0000 0000 0000 0001 | If necessary, for rare types, a 2-byte or 1.5-byte encoding can be used
Instruction and Memory address registers will only really be used in add/sub for offsetting, so won’t be too high, but should still fit in the table.
It might also be a good idea to ‘fix’ the first few entries of the table for types we know will be used, like u32, u64, i32, i64, u1, n and m to
reduce how much binaries change and make things like combining two umc binary files easier.
Instructions now for non-uniform types (7 bytes):
add | 0000 0010 <- add opcode
u32x8:1 | 0000 1111 0000 0001
u32x8:2 | 0000 1111 0000 0010
u32:2 | 0000 0000 0000 0010
Covers any 3 operand types with a range of 256 different registers.
Only 5 bytes needed for a uniform instruction
add | 0100 0010 <- add opcode
u32 | 0000 0000 <- u32 index
:1 | 0000 0001
:2 | 0000 0010
:3 | 0000 0011
Re-indexing with the most common as lower numbers can also be used to ensure the most common register indexes are packed tightly, without changing the result of the program. 1 byte is probably the minimum for a register index. Another advantage is that registers can be stored in an implementation-dependent way without decoding penalty, and we can just store a list of register operands.
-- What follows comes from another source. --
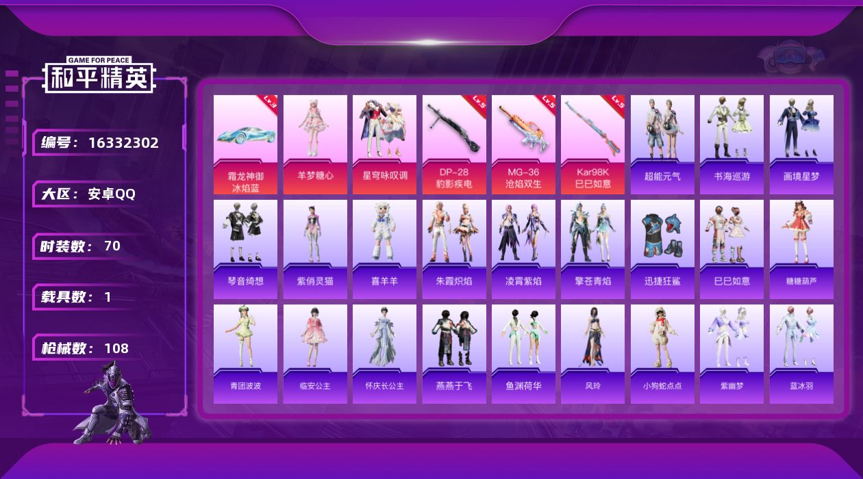 [16332302]【特价出售/店主推荐】安卓 手Q-2粉装-3特效枪-1载具-2粉色飞行器-3.6w热力值-3王牌印记-70套装-108枪皮 【红色载具】:霜龙神御(冰焰蓝)(三级) 【粉色套装】:粉装-星穹咏叹调,角色-羊梦糖心 【粉色枪皮等级】:Kar98K-巳巳如意(五级),DP-28-豹影疾电(五级),MG-36-沧焰双生(五级) 【粉色载具】:霜龙神御(冰焰蓝) 【粉色枪皮】:Kar98K-巳巳如意,DP-28-豹影疾电,MG-36-沧焰双生 【粉色飞行器】:暮色之舞飞行器 【粉色降落伞】:垂柳戏鸭降落伞,月影灵韵降落伞,鬼刀降落伞,星穹咏叹调降落伞,宁雨蝶降落伞,荧海星豚降落伞,灵猫魔法师降落伞,无垠阁降落伞,喜羊羊与灰太狼降落伞,异瞳寒姬降落伞,炫彩糖果降落伞,暮色玫影降落伞 【稀有套装】:套装-巳巳如意,套装-超能元气,套装-雪国风尚,套装-糖糖葫芦,套装-青团波波,角色-临安公主,角色-怀庆长公主,套装-燕燕于飞,套装-鱼渊荷华,角色-风玲,玩偶服-小狗蛇点点,套装-紫幽梦,套装-蓝冰羽,套装-星渊小夜曲,套装-霓虹热舞,套装-彩虹兔,套装-云朵鹅,套装-雪绒豹,角色-乐音,角色-绛羽幽主,套装-朱霞炽焰,套装-凌霄紫焰,套装-擎苍青焰,玩偶服-喜羊羊,角色-紫俏灵猫,套装-书海巡游,套装-画境星梦,套装-琴音绮想,套装-炫彩糖果 【稀有枪皮】:AUG-冰晶雪宝,AKM-破晓战魂,SCAR-L-玉兔迎春,SCAR-L-净心行者,M416-糯团青竹,M416-蓝色火焰,GROZA-彩虹符号,GROZA-暮色玫影,M762-云朵鹅,AC-VAL-天降萌叽,蜜獾-绯穹魔姬,ACE32-画境星梦,ARX-凌霄紫焰,UZI-啾咪啾咪,UMP45-蓝色火焰,MP5K-画境星梦,JS9-凌霄紫焰,P90-飞驰魅影,P90-宁雨蝶,P90-巳巳如意,Kar98k-最终圣卫者,VSS-彩虹符号,Mini14-耀粉歌者,AMR-喜羊羊与灰太狼,SVD-云朵鹅,M1加兰德-画境星梦,S686-巳巳如意,S12K-玩趣呆呆,DBS-荧海星豚,DBS-净心行者,AA12-G-画境星梦,SPAS-12-云朵鹅,M249-彩虹符号,M249-破晓战魂,MG3-幻世战舞者,MG-36-凌霄紫焰,P92-凌霄紫焰,沙漠之鹰-云朵鹅,大砍刀-云朵鹅,大砍刀-鬼刀,撬棍-冷漠罗丽,平底锅-凌霄紫焰,平

Can reserve one or two bits in the instruction opcode for 2-byte encoding where rare types or high indices are used. Leading 1 on operand type could indicate a inline constant
Huffman encoding registers
We could take this even further for a much greater space saving, by encoding the exact registers (type + index).
entry | register
---------------------
0000 0000 | u32:0
0000 0001 | u32:1
0000 0010 | u32:2
0000 0011 | u32:3
0000 0100 | u64:0
0000 0101 | u64:1
0000 0110 | i32:0
0000 0111 | i32:1
0000 1000 | i32:2
0000 1001 | f32:0
0000 1010 | f32:1
0000 1011 | u32x8:0
This causes an 4-byte encoding of:
add | 0000 0010 <- add opcode
u32:2 | 0000 0010
u32:1 | 0000 0001
u32:0 | 0000 0000
The cost of non-uniform encodings is no longer an issue (Still 4 bytes):
add | 0000 0010 <- add opcode
u64:0 | 0000 0100
u32:1 | 0000 0001
u32:2 | 0000 0010
However this would require a decently large table at the start of the file, and decoding logic would also be more complex, if you wanted to store values of the same type contiguously.